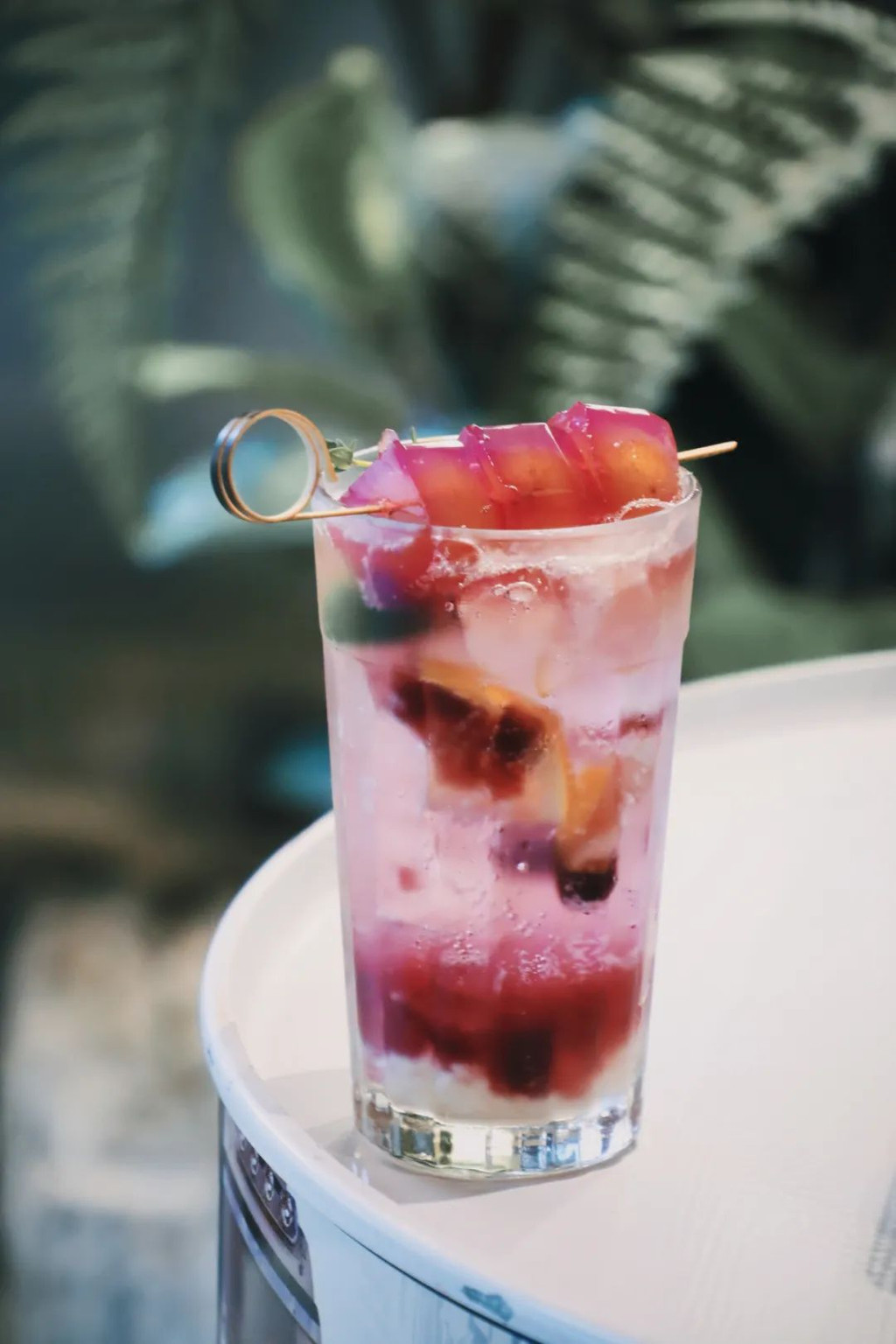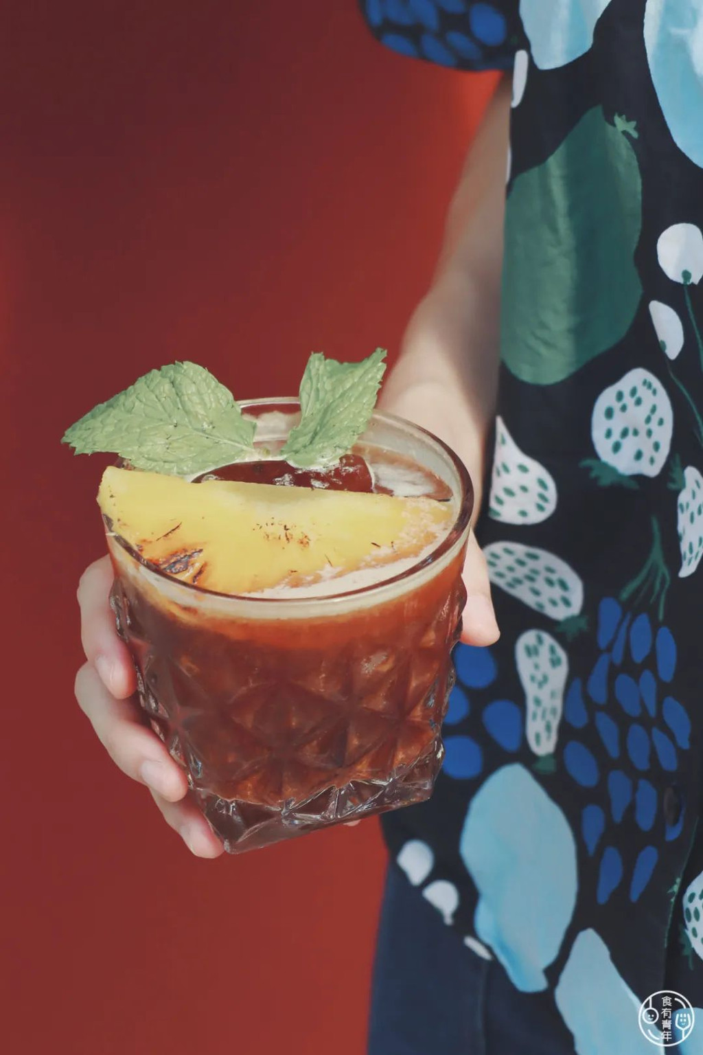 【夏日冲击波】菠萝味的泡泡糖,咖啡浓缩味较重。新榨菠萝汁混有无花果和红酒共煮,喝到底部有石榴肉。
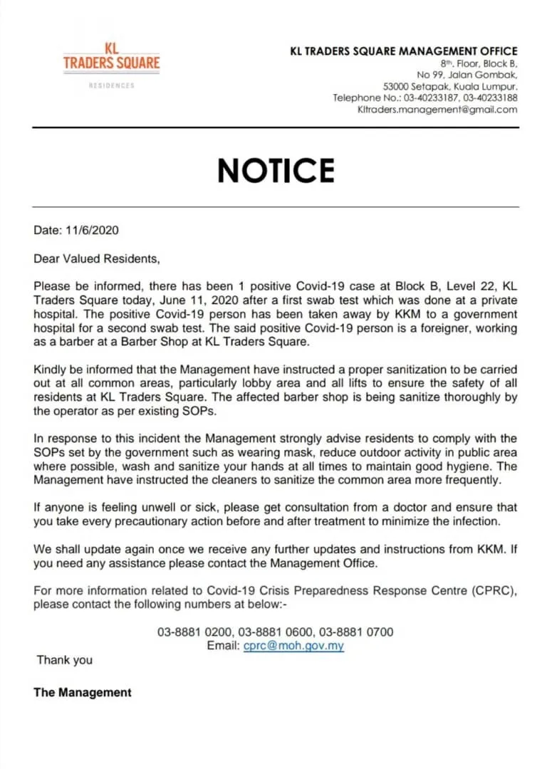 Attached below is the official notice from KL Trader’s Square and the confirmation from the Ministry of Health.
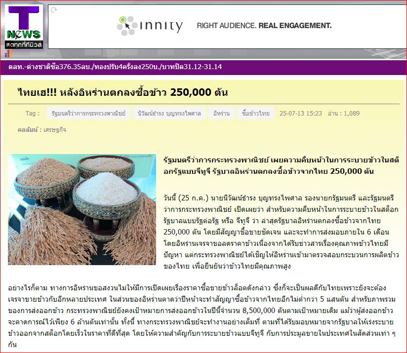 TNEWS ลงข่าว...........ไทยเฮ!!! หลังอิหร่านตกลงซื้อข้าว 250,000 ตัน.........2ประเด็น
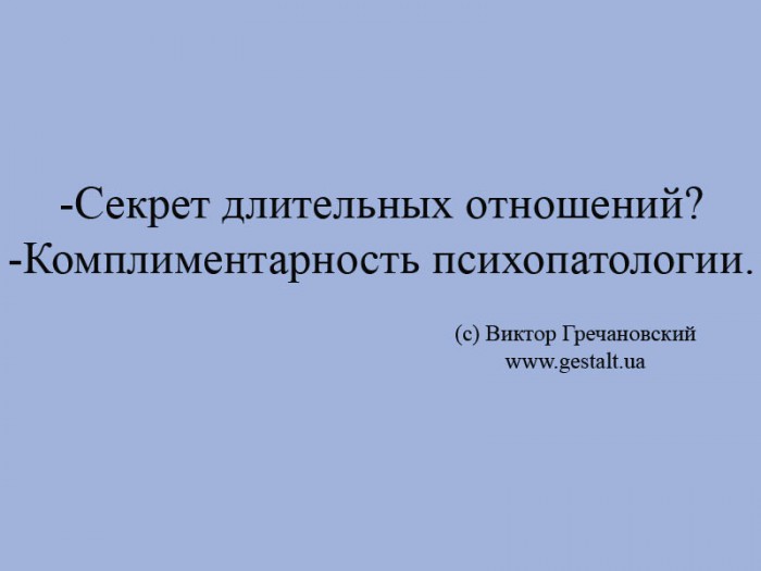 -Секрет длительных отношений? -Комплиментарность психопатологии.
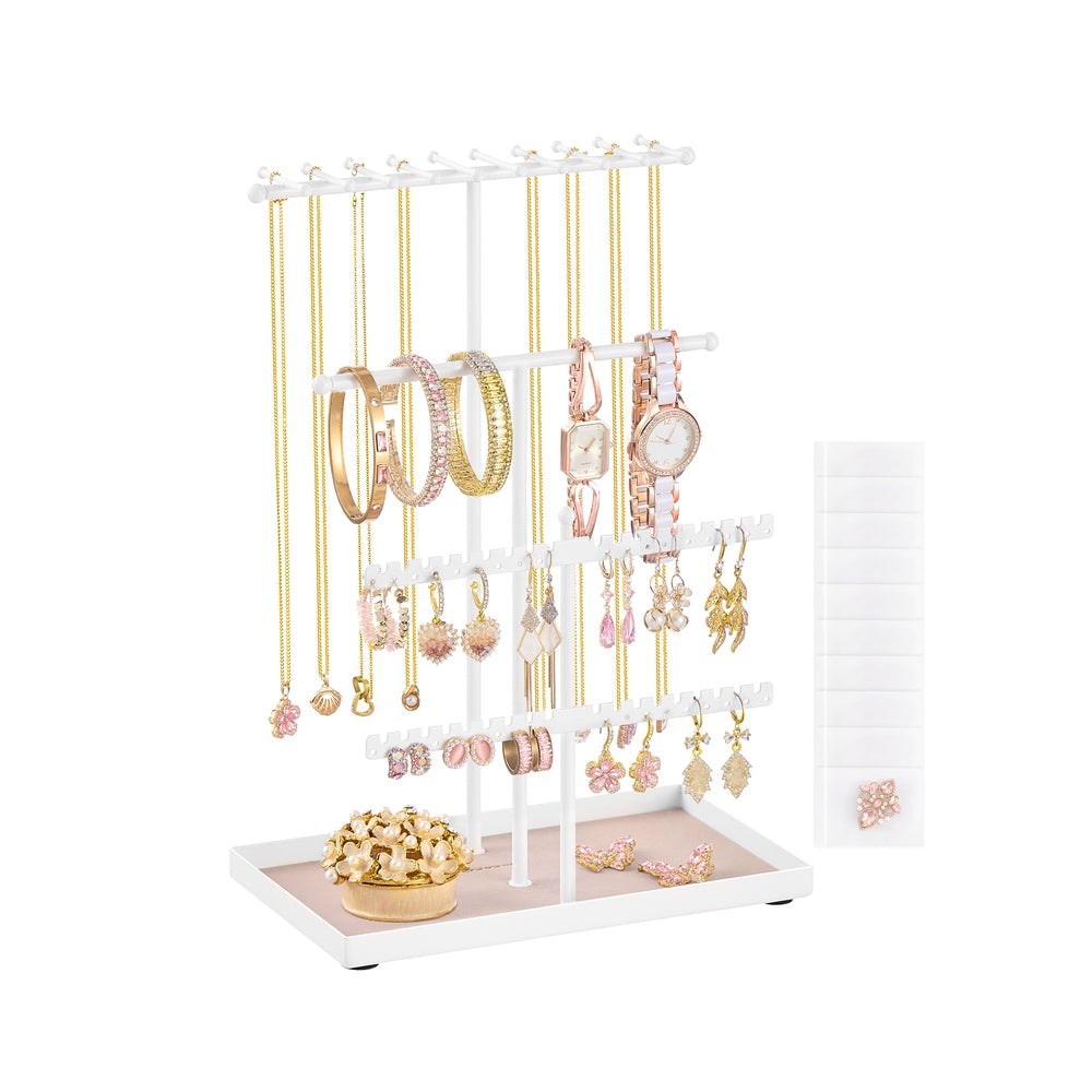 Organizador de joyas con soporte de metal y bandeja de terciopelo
-------------------------
◆ Task instructions
Only the pictures are to be dropped; all other material above must be repeated exactly.

◆ Answer space
 【夏日冲击波】菠萝味的泡泡糖,咖啡浓缩味较重。新榨菠萝汁混有无花果和红酒共煮,喝到底部有石榴肉。
 Attached below is the official notice from KL Trader’s Square and the confirmation from the Ministry of Health.
 TNEWS ลงข่าว...........ไทยเฮ!!! หลังอิหร่านตกลงซื้อข้าว 250,000 ตัน.........2ประเด็น
 -Секрет длительных отношений? -Комплиментарность психопатологии.
 Organizador de joyas con soporte de metal y bandeja de terciopelo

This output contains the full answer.